--- SUPPLIED RECORDS Enclosed Below ---

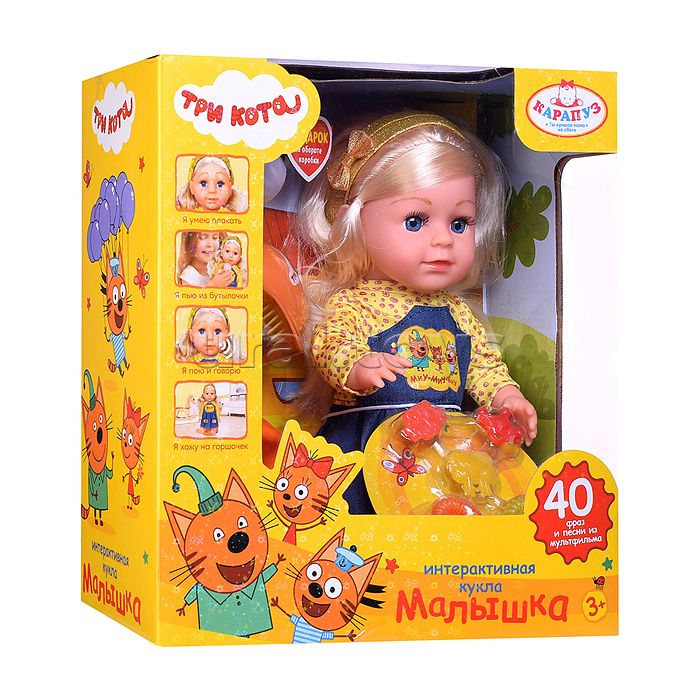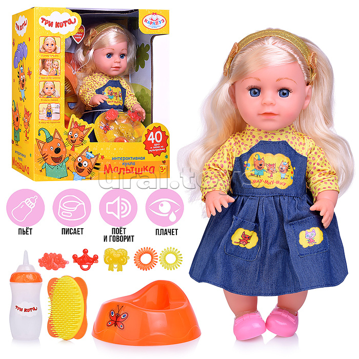 Код: 510467 Штрихкод: 4650250508632 Страна производитель: Китай Размеры упаковки: 28 x 15 x 31 см Количество в коробке: 12 • Высота пупса: 30 см. • Подвижные руки и ноги. • Функции: - пьёт из бутылочки. - ходит на горшок. - 8 отрывков песен из мультфильмов. • Звук работает от 2-х батареек "АА" (входят в комплект для демонстрации) • Материалы пупса: пластик, ПВХ, текстиль. • В комплекте: бутылочка, горшок, расчёска, заколки. • Соответствует требованиям безопасности продукции. • Для детей с 3-х лет. Комментарии к товару
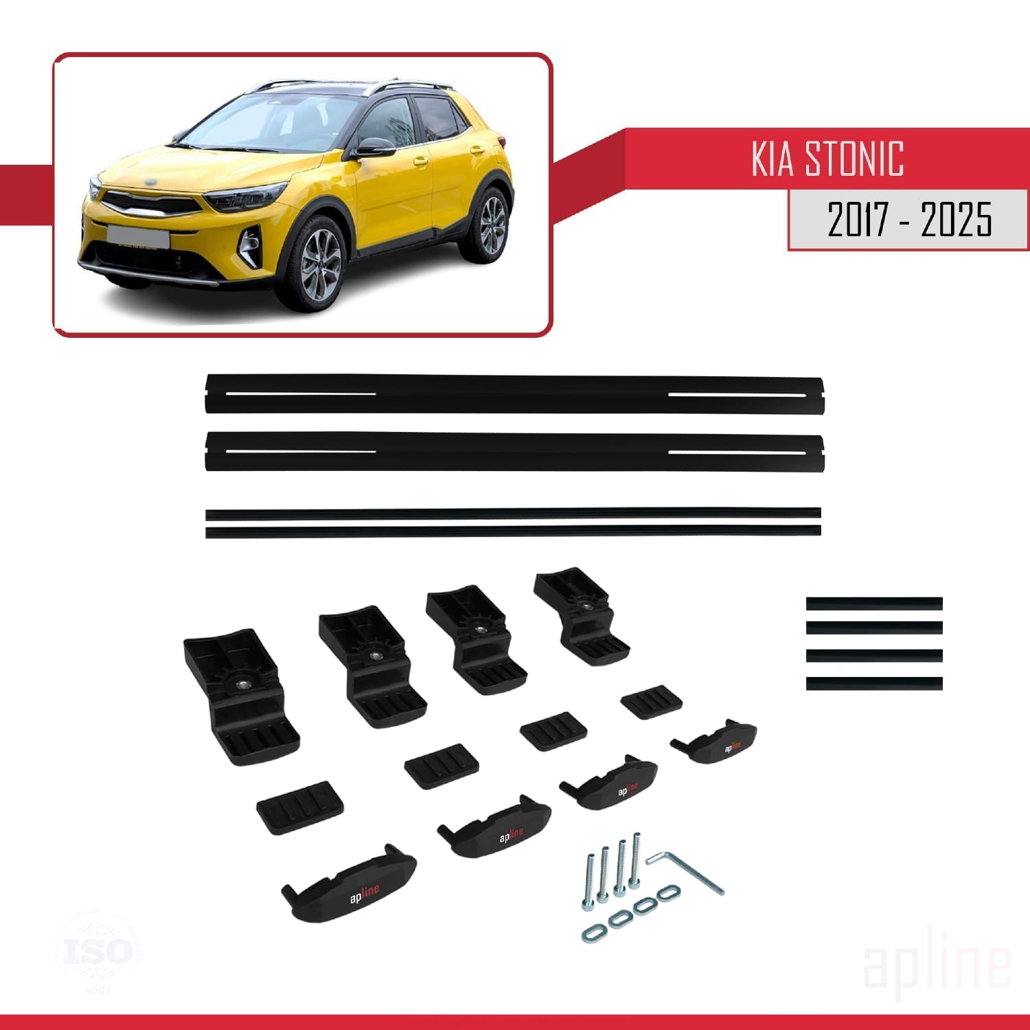 Compatible avec Kia Stonic 2017-2025 BASIC Model Barres de Toit Railing Porte-Bagages de Voiture Noir Aluminium 2 Barres
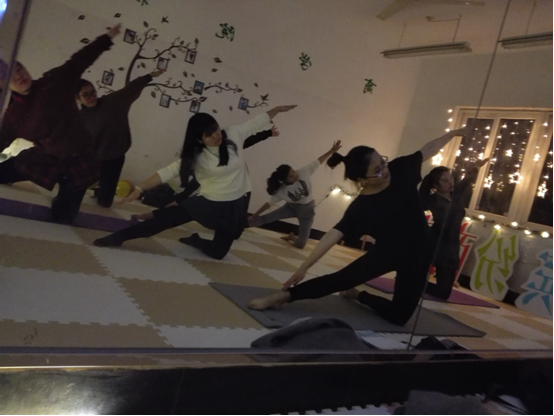 2016年12月9日,四虎影院 社委会主办的“温暖灯影”瑜伽主题教学活动在本部公寓6号楼600顺利进行。本次活动邀请经验丰富的曹若君同学作为教练,带领同学们体验瑜伽、放松身心。
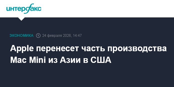 Москва. 24 февраля. INTERFAX.RU - Apple Inc. перенесет часть производства компьютеров Mac Mini из Азии на территорию США, сказал The Wall Street Journal главный операционный директор компании Сабих Хан.
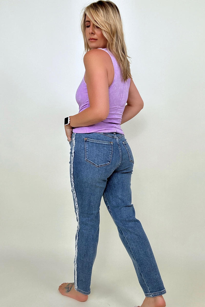 Judy Blue High Waist Side Fray Slim Fit Jeans
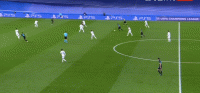 首回合较量,国米主攻右路,安切洛蒂要求“尖刀”维尼修斯深度退守,以4-5-1/5-4-1站位抵御对手的攻势,这样做牺牲了进攻。此役,国米由佩里西奇主攻,皇马在右路防区设有重兵,卡塞米罗和莫德里奇都会帮助卡瓦哈尔防守,罗德里戈多次退守到右后卫位置。
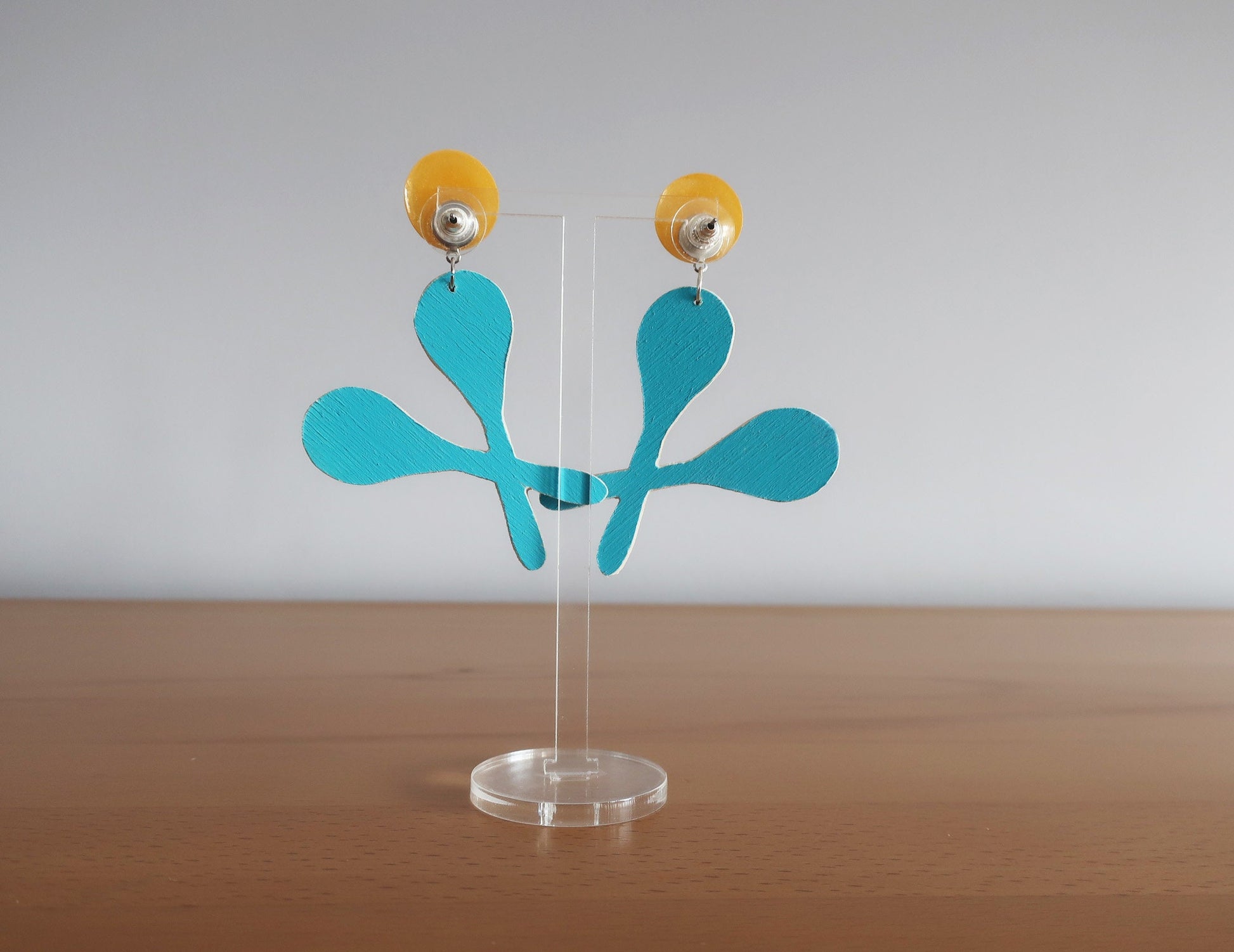Für diese Ohrringe habe ich eine Zeichnung am Computer erstellt, die ich anschließend manuell auf Birkenholz übertragen und dann mit einer Dekupiersäge ausgesägt habe. Um die Haltbarkeit zu verbessern wurde eine Schicht matter Lack aufgetragen.

--- End of Enclosed SUPPLIED RECORDS ---

[EXERCISE GOAL]: Once the line with "2016年12月9日,四虎影" is found in the data above, reproduce it and each line after it exactly, through the line with "首回合较量,国米主攻右路,安". Omit the pictures.

[RESULT FOR THIS TASK]:
 2016年12月9日,四虎影院 社委会主办的“温暖灯影”瑜伽主题教学活动在本部公寓6号楼600顺利进行。本次活动邀请经验丰富的曹若君同学作为教练,带领同学们体验瑜伽、放松身心。
 Москва. 24 февраля. INTERFAX.RU - Apple Inc. перенесет часть производства компьютеров Mac Mini из Азии на территорию США, сказал The Wall Street Journal главный операционный директор компании Сабих Хан.
 Judy Blue High Waist Side Fray Slim Fit Jeans
 首回合较量,国米主攻右路,安切洛蒂要求“尖刀”维尼修斯深度退守,以4-5-1/5-4-1站位抵御对手的攻势,这样做牺牲了进攻。此役,国米由佩里西奇主攻,皇马在右路防区设有重兵,卡塞米罗和莫德里奇都会帮助卡瓦哈尔防守,罗德里戈多次退守到右后卫位置。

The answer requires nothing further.